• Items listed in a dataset
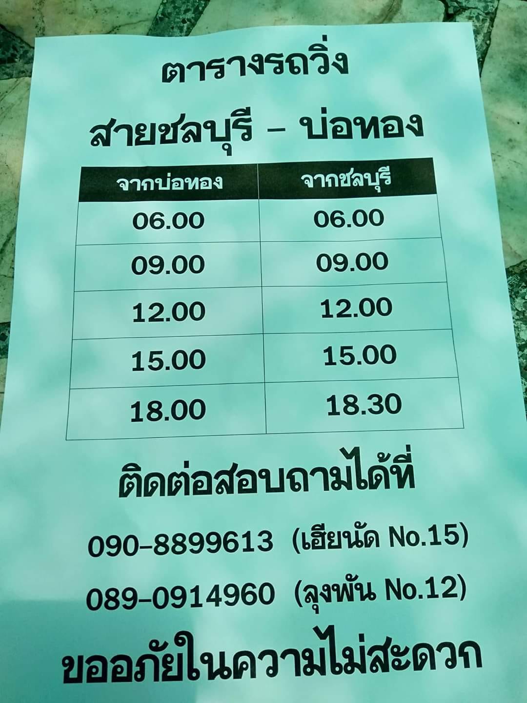 ป.ล. รถเมล์บ่อทองได้ข่าวว่าเหลือแค่คันเดียว หรืออาจไม่มีแล้วก็ได้ ดังนั้นโทรเช็คตามเบอร์นี้ก่อนครับ
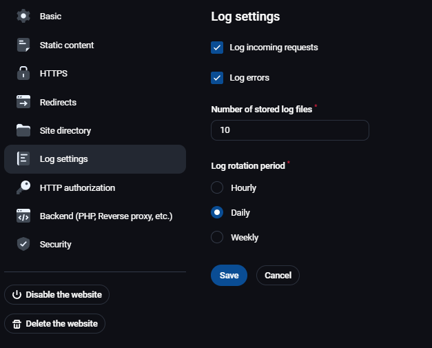- Log incoming requests - omogući logovanje zahteva ka sajtu
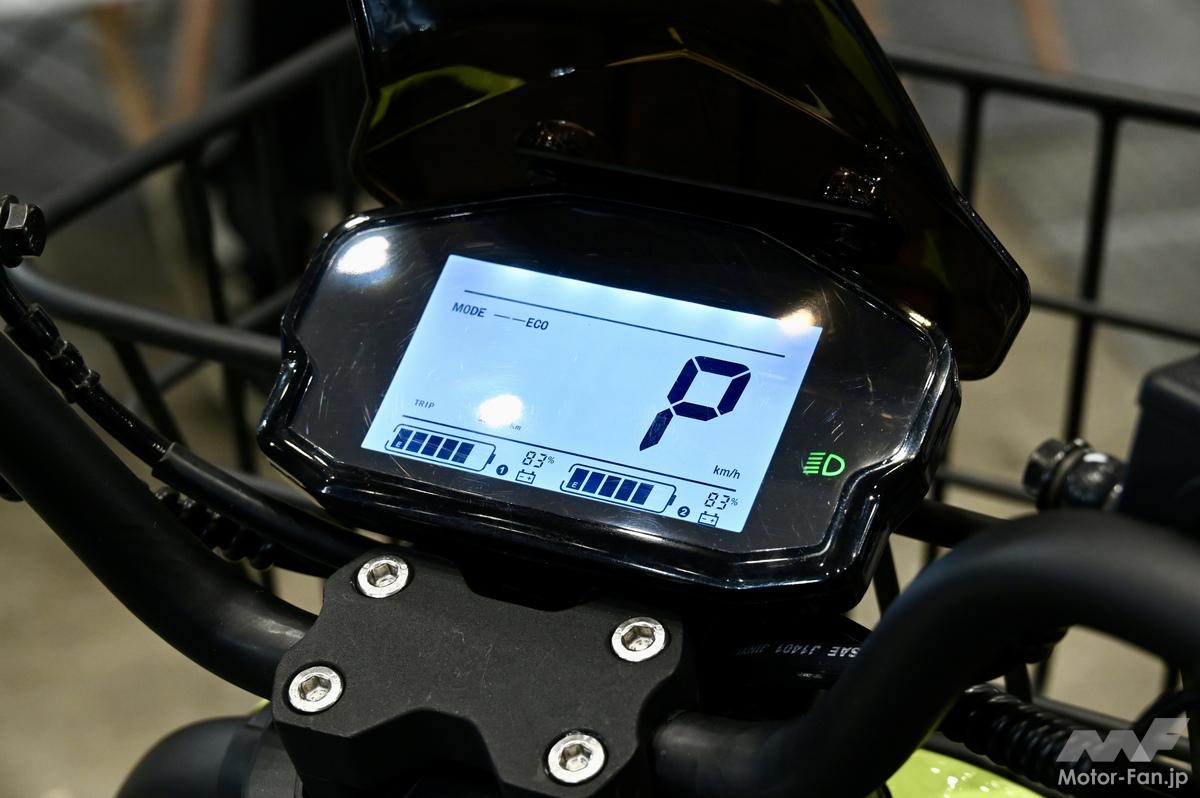 電装系は、ライトはLEDを使用。メーターは大型の液晶ディスプレイとなっている。速度計はもちろん、バッテリー残量やトリップ機能も備わる。
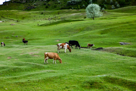 Cows grazing on a meadow in the mountains. Rural landscape.
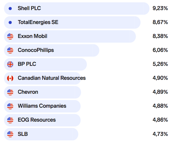 I tabellen ovan visas fondens största innehav. De tre största innehaven var i början av 2025 Shell PLC, TotalEnergies och Exxon Mobil.
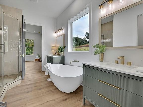 This newly built MODERN EUROPEAN FARMHOUSE with NO HOA is nestled on 2.55 ACRES of picturesque pasture with a CREEK lining the back. It is the perfect homestead, ready for horses, goats, chickens, a large garden or barn-whatever you can dream! Enjoy year-round ambience with INDOOR AND OUTDOOR FIREPLACES and a COVERED PATIO that extends living space with an outdoor television-perfect for gameday or watching family movies with a fire lit and open skies as a backdrop. The backyard is pool ready. And don't miss the charming tree swing! The MAIN-LEVEL PRIMARY SUITE feels like a retreat, complete with a custom accent wall, luxurious soaking tub, oversized glass shower with custom tile and dual rain and wall-mount showerheads, and a spacious walk-in closet. This thoughtfully designed 5-BEDROOM, 3.5-BATH offers a 4-CAR GARAGE and a stunning great room with 21-FOOT CEILINGS, dramatic two-story feature wall, and a gas-starter fireplace. The OPEN-CONCEPTis flooded with natural light from expansive windows, and the GOURMET KITCHEN showcases a large granite island, 6-burner gas range, stainless appliances, and abundant storage. A wet bar/back kitchen makes entertaining effortless, while the WALK-IN PANTRY, office/flex room, drop zone/mudroom, and conveniently located powder room perfectly finish the main level. The CUSTOM-BUILT STAIRCASE RAILINGS create a memorable focal point from the foyer to the catwalk above. Laundry is a breeze with three possible hookups, including one directly in the primary closet and one upstairs. And the LOCATION seals the deal: elementary school 4 minutes away, brand-new Cherokee County High School opening next fall, and MINUTES TO DOWNTOWN CANTON, BALL GROUND AND JASPER-all with cafes, boutiques, spas, and weekend events. Explore local wineries, golf courses, greenways, and Lake Allatoona. Head north to Ellijay and the mountains or visit Waleska and Reinhardt University just down the road. This property blends modern elegance and everyday functionality with breathtaking views. THERE'S NO PLACE LIKE HOME!
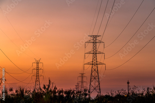 © terdevil23, Fototapeta premium Mobile tower silhouette with twilight evening sky.
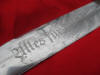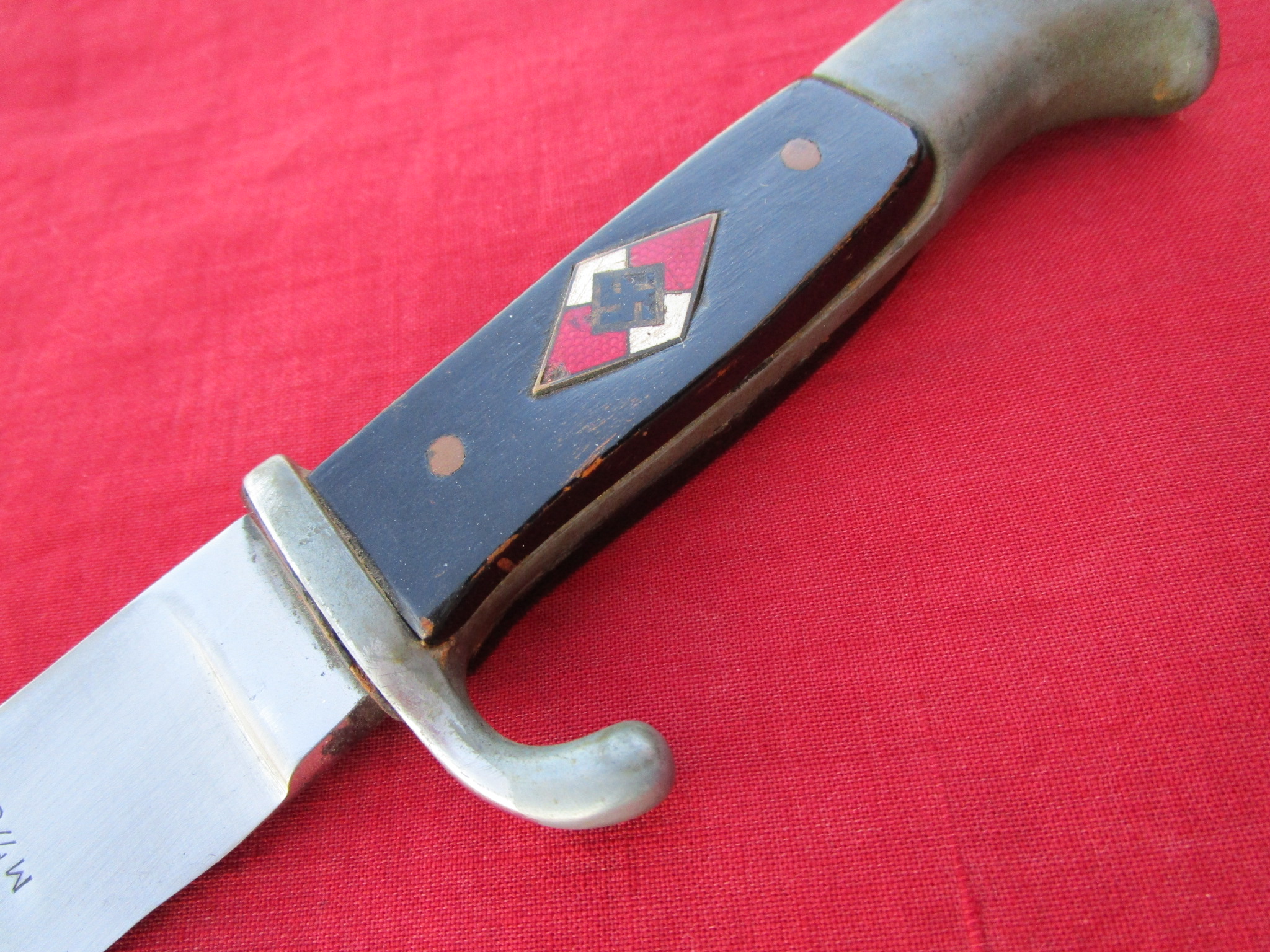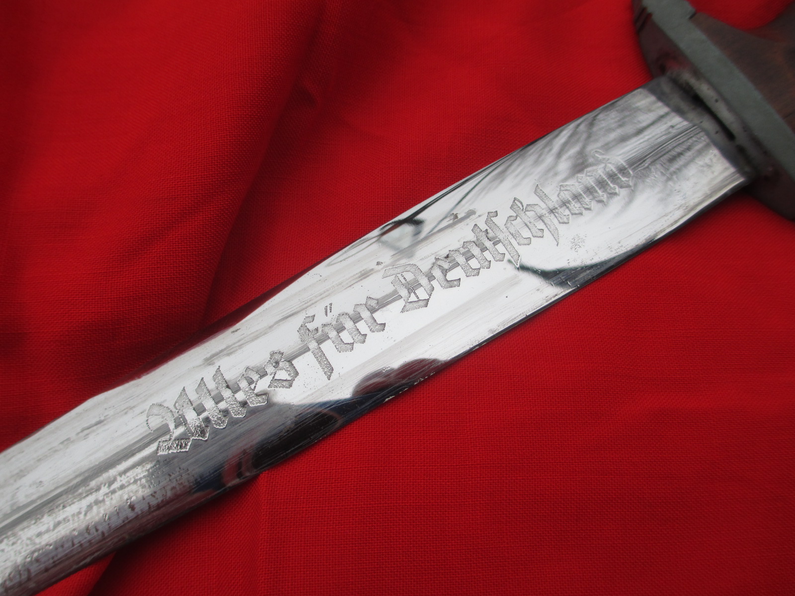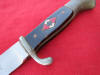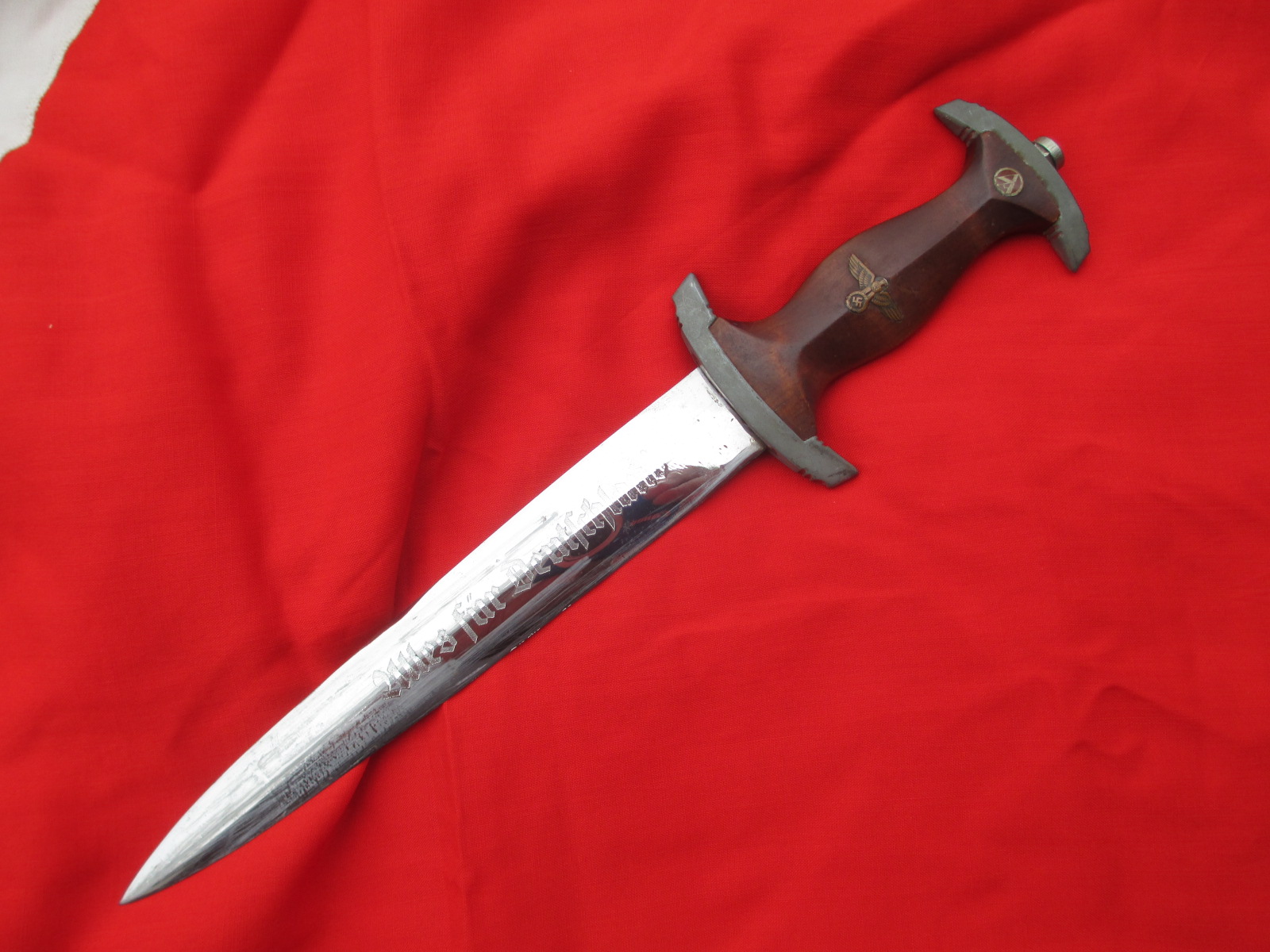 This is an honest good looking dagger. The blade is good but has been polished. The handle was replaced with wooden grips years ago. The insignia is original. The fittings are all decent. Sorry, no scabbard on this one, but it's cheap. It's the perfect economy display example. ![]()

• Work to be completed
Print the data once more without any change, skipping each picture.

• Solution for this exercise
 ป.ล. รถเมล์บ่อทองได้ข่าวว่าเหลือแค่คันเดียว หรืออาจไม่มีแล้วก็ได้ ดังนั้นโทรเช็คตามเบอร์นี้ก่อนครับ
- Log incoming requests - omogući logovanje zahteva ka sajtu
 電装系は、ライトはLEDを使用。メーターは大型の液晶ディスプレイとなっている。速度計はもちろん、バッテリー残量やトリップ機能も備わる。
 Cows grazing on a meadow in the mountains. Rural landscape.
 I tabellen ovan visas fondens största innehav. De tre största innehaven var i början av 2025 Shell PLC, TotalEnergies och Exxon Mobil.
 This newly built MODERN EUROPEAN FARMHOUSE with NO HOA is nestled on 2.55 ACRES of picturesque pasture with a CREEK lining the back. It is the perfect homestead, ready for horses, goats, chickens, a large garden or barn-whatever you can dream! Enjoy year-round ambience with INDOOR AND OUTDOOR FIREPLACES and a COVERED PATIO that extends living space with an outdoor television-perfect for gameday or watching family movies with a fire lit and open skies as a backdrop. The backyard is pool ready. And don't miss the charming tree swing! The MAIN-LEVEL PRIMARY SUITE feels like a retreat, complete with a custom accent wall, luxurious soaking tub, oversized glass shower with custom tile and dual rain and wall-mount showerheads, and a spacious walk-in closet. This thoughtfully designed 5-BEDROOM, 3.5-BATH offers a 4-CAR GARAGE and a stunning great room with 21-FOOT CEILINGS, dramatic two-story feature wall, and a gas-starter fireplace. The OPEN-CONCEPTis flooded with natural light from expansive windows, and the GOURMET KITCHEN showcases a large granite island, 6-burner gas range, stainless appliances, and abundant storage. A wet bar/back kitchen makes entertaining effortless, while the WALK-IN PANTRY, office/flex room, drop zone/mudroom, and conveniently located powder room perfectly finish the main level. The CUSTOM-BUILT STAIRCASE RAILINGS create a memorable focal point from the foyer to the catwalk above. Laundry is a breeze with three possible hookups, including one directly in the primary closet and one upstairs. And the LOCATION seals the deal: elementary school 4 minutes away, brand-new Cherokee County High School opening next fall, and MINUTES TO DOWNTOWN CANTON, BALL GROUND AND JASPER-all with cafes, boutiques, spas, and weekend events. Explore local wineries, golf courses, greenways, and Lake Allatoona. Head north to Ellijay and the mountains or visit Waleska and Reinhardt University just down the road. This property blends modern elegance and everyday functionality with breathtaking views. THERE'S NO PLACE LIKE HOME!
 © terdevil23, Fototapeta premium Mobile tower silhouette with twilight evening sky.
 This is an honest good looking dagger. The blade is good but has been polished. The handle was replaced with wooden grips years ago. The insignia is original. The fittings are all decent. Sorry, no scabbard on this one, but it's cheap. It's the perfect economy display example. ![]()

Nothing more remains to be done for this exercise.